__WHAT YOU ARE ASKED TO DO__: From the entries below, output the line with "中国有电子地图来导航的这20" and each following line up to and including the line with "One electronically tested", exactly as written.

__SUPPLIED RECORDS__:

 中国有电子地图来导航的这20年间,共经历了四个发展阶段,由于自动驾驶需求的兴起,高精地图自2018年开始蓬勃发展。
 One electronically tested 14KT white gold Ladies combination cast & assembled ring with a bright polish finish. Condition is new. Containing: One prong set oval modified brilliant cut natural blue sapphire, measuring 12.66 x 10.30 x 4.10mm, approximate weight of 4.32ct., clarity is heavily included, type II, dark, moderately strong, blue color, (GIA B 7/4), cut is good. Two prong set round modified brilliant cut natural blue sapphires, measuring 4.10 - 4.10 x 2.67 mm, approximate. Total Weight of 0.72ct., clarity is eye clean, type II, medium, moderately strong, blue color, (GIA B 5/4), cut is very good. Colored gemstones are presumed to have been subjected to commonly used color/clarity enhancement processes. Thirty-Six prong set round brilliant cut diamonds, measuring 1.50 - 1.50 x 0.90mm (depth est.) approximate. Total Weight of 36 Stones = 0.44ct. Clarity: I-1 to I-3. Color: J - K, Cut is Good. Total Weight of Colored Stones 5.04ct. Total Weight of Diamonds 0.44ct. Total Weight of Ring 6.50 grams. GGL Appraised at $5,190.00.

---

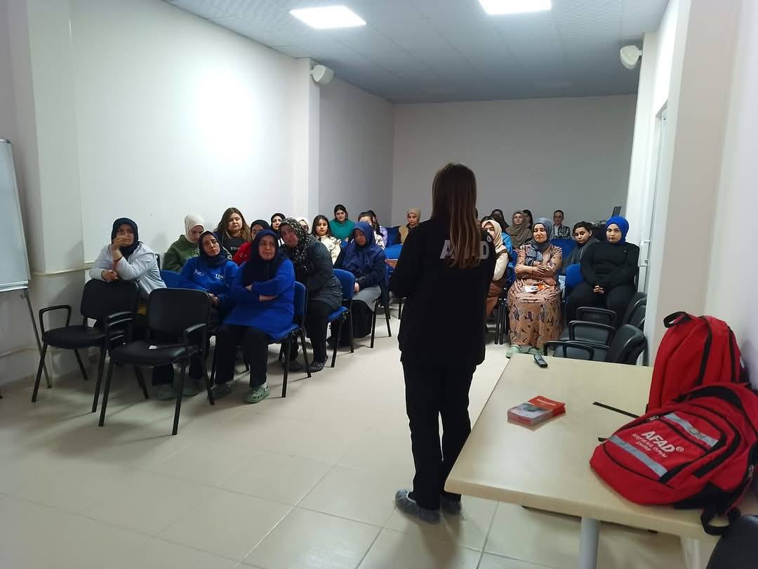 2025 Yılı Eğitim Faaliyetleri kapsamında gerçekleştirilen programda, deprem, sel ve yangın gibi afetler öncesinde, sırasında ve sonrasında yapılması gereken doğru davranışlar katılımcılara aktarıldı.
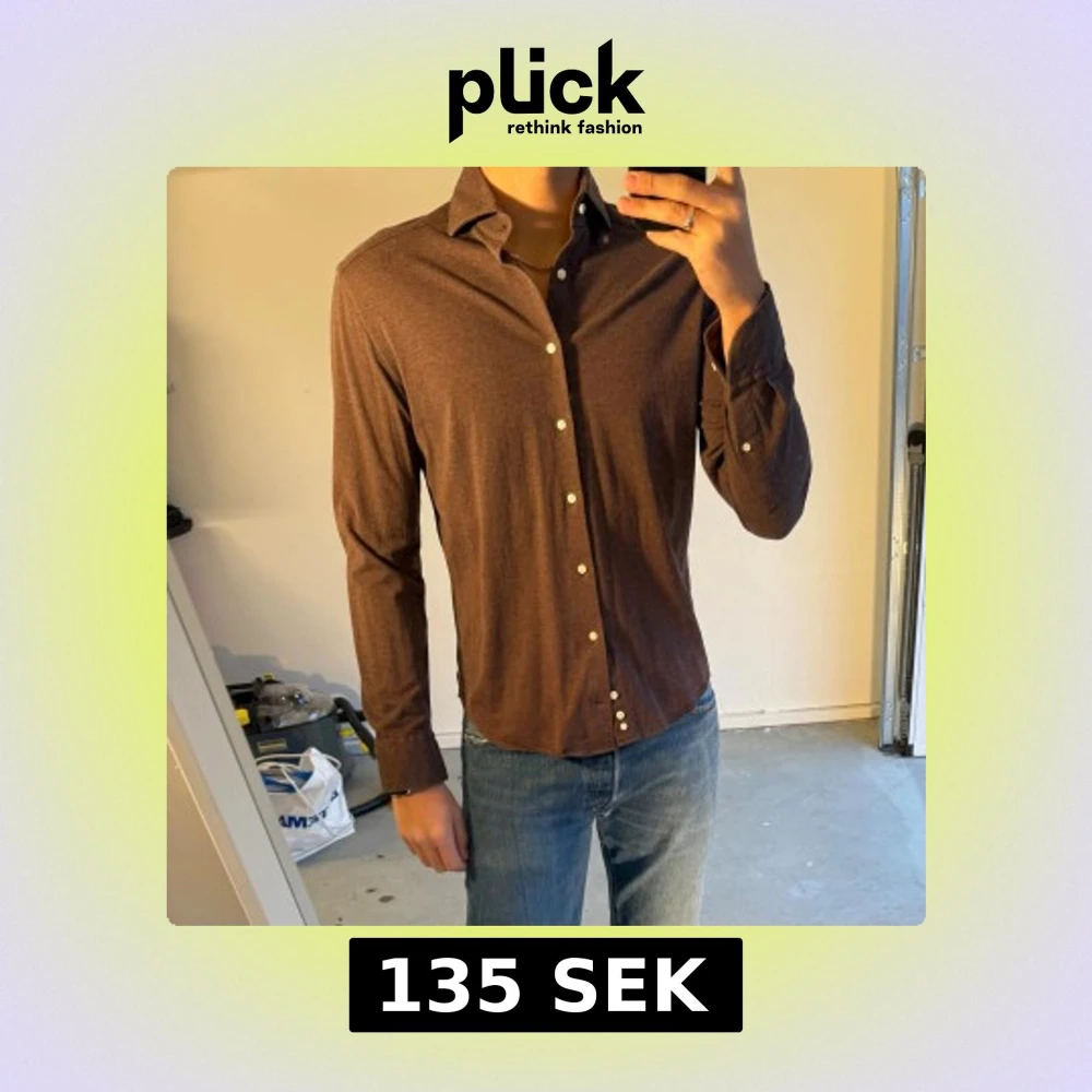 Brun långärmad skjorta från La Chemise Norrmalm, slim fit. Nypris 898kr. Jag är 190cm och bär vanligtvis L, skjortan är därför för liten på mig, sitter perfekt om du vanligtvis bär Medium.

==

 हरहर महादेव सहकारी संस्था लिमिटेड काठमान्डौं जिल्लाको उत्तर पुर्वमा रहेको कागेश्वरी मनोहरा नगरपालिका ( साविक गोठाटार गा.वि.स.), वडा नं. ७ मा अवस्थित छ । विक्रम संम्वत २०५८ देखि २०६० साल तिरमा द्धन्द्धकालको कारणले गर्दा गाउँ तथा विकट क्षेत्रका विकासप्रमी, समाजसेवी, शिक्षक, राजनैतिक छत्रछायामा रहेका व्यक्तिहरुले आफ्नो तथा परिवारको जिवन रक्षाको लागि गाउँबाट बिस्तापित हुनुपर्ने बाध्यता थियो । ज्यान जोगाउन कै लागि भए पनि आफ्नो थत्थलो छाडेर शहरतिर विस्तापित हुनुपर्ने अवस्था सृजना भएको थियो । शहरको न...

__REPLY__:
 中国有电子地图来导航的这20年间,共经历了四个发展阶段,由于自动驾驶需求的兴起,高精地图自2018年开始蓬勃发展。
 One electronically tested 14KT white gold Ladies combination cast & assembled ring with a bright polish finish. Condition is new. Containing: One prong set oval modified brilliant cut natural blue sapphire, measuring 12.66 x 10.30 x 4.10mm, approximate weight of 4.32ct., clarity is heavily included, type II, dark, moderately strong, blue color, (GIA B 7/4), cut is good. Two prong set round modified brilliant cut natural blue sapphires, measuring 4.10 - 4.10 x 2.67 mm, approximate. Total Weight of 0.72ct., clarity is eye clean, type II, medium, moderately strong, blue color, (GIA B 5/4), cut is very good. Colored gemstones are presumed to have been subjected to commonly used color/clarity enhancement processes. Thirty-Six prong set round brilliant cut diamonds, measuring 1.50 - 1.50 x 0.90mm (depth est.) approximate. Total Weight of 36 Stones = 0.44ct. Clarity: I-1 to I-3. Color: J - K, Cut is Good. Total Weight of Colored Stones 5.04ct. Total Weight of Diamonds 0.44ct. Total Weight of Ring 6.50 grams. GGL Appraised at $5,190.00.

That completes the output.